++++ Supplied information ++++

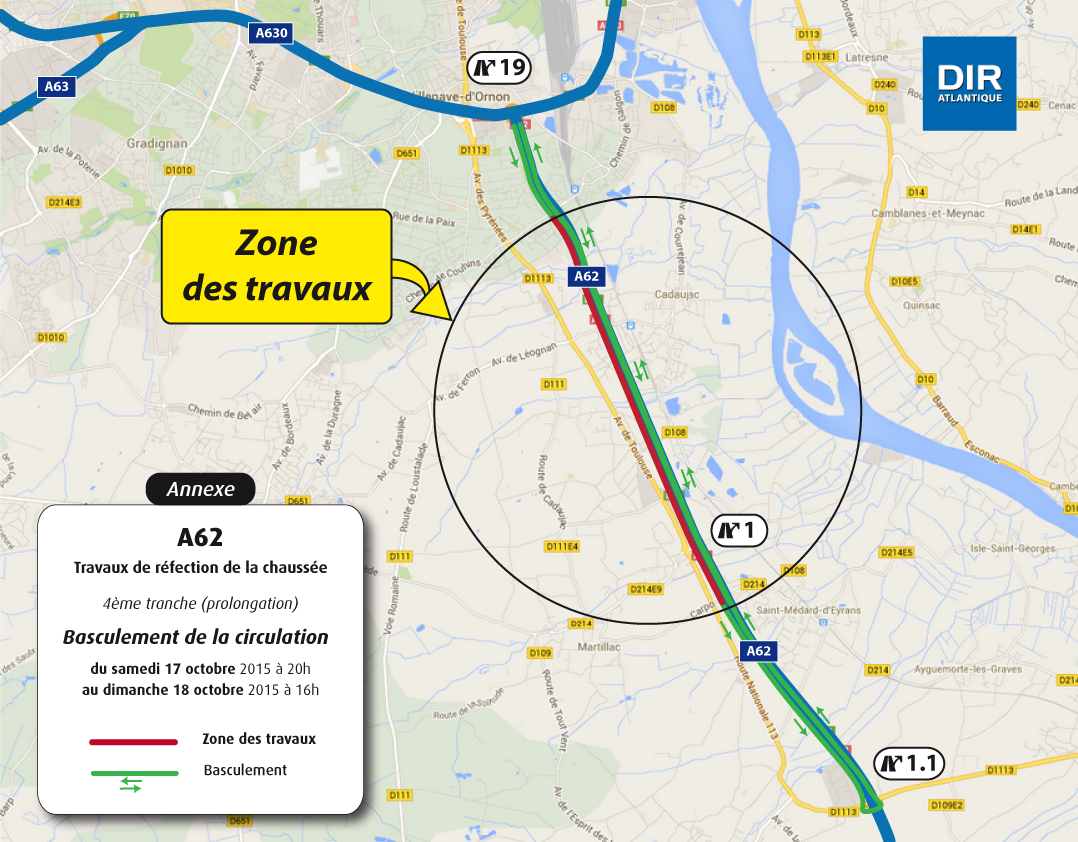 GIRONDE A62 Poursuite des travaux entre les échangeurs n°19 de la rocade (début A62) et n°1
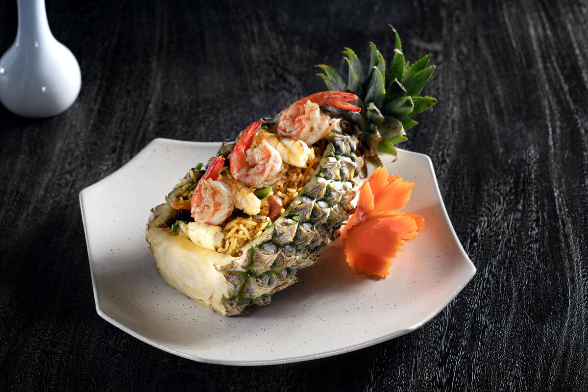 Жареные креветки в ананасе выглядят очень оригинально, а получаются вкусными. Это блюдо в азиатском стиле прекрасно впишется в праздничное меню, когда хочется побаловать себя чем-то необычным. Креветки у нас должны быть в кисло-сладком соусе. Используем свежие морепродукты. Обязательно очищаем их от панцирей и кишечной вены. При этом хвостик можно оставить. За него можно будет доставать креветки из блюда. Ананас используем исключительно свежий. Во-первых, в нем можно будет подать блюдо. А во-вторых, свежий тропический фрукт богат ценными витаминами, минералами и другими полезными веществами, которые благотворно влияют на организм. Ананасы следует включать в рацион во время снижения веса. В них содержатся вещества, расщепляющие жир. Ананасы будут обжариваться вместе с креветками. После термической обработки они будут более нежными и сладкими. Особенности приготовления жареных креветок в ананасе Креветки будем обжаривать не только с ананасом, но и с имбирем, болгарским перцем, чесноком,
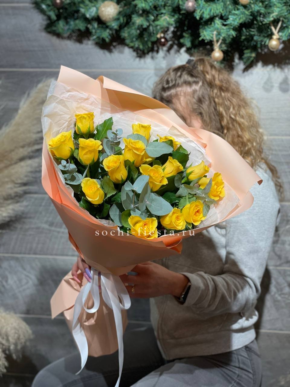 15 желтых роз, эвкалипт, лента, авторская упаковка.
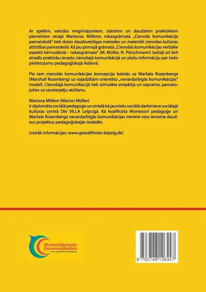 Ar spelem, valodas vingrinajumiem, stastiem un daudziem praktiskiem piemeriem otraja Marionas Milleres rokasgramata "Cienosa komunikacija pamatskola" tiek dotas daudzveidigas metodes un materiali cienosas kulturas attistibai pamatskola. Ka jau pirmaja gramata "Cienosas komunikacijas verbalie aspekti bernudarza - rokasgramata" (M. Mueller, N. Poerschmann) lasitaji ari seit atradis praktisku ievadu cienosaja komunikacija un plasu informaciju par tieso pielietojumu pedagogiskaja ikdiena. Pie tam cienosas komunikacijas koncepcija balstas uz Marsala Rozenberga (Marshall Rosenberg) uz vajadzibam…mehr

++++

Exactly the lines from the one containing "Жареные креветки в" through the end of the data above: repeat those, both ends included, and nothing else. Skip the pictures.

◆ Answer to the problem
 Жареные креветки в ананасе выглядят очень оригинально, а получаются вкусными. Это блюдо в азиатском стиле прекрасно впишется в праздничное меню, когда хочется побаловать себя чем-то необычным. Креветки у нас должны быть в кисло-сладком соусе. Используем свежие морепродукты. Обязательно очищаем их от панцирей и кишечной вены. При этом хвостик можно оставить. За него можно будет доставать креветки из блюда. Ананас используем исключительно свежий. Во-первых, в нем можно будет подать блюдо. А во-вторых, свежий тропический фрукт богат ценными витаминами, минералами и другими полезными веществами, которые благотворно влияют на организм. Ананасы следует включать в рацион во время снижения веса. В них содержатся вещества, расщепляющие жир. Ананасы будут обжариваться вместе с креветками. После термической обработки они будут более нежными и сладкими. Особенности приготовления жареных креветок в ананасе Креветки будем обжаривать не только с ананасом, но и с имбирем, болгарским перцем, чесноком,
 15 желтых роз, эвкалипт, лента, авторская упаковка.
 Ar spelem, valodas vingrinajumiem, stastiem un daudziem praktiskiem piemeriem otraja Marionas Milleres rokasgramata "Cienosa komunikacija pamatskola" tiek dotas daudzveidigas metodes un materiali cienosas kulturas attistibai pamatskola. Ka jau pirmaja gramata "Cienosas komunikacijas verbalie aspekti bernudarza - rokasgramata" (M. Mueller, N. Poerschmann) lasitaji ari seit atradis praktisku ievadu cienosaja komunikacija un plasu informaciju par tieso pielietojumu pedagogiskaja ikdiena. Pie tam cienosas komunikacijas koncepcija balstas uz Marsala Rozenberga (Marshall Rosenberg) uz vajadzibam…mehr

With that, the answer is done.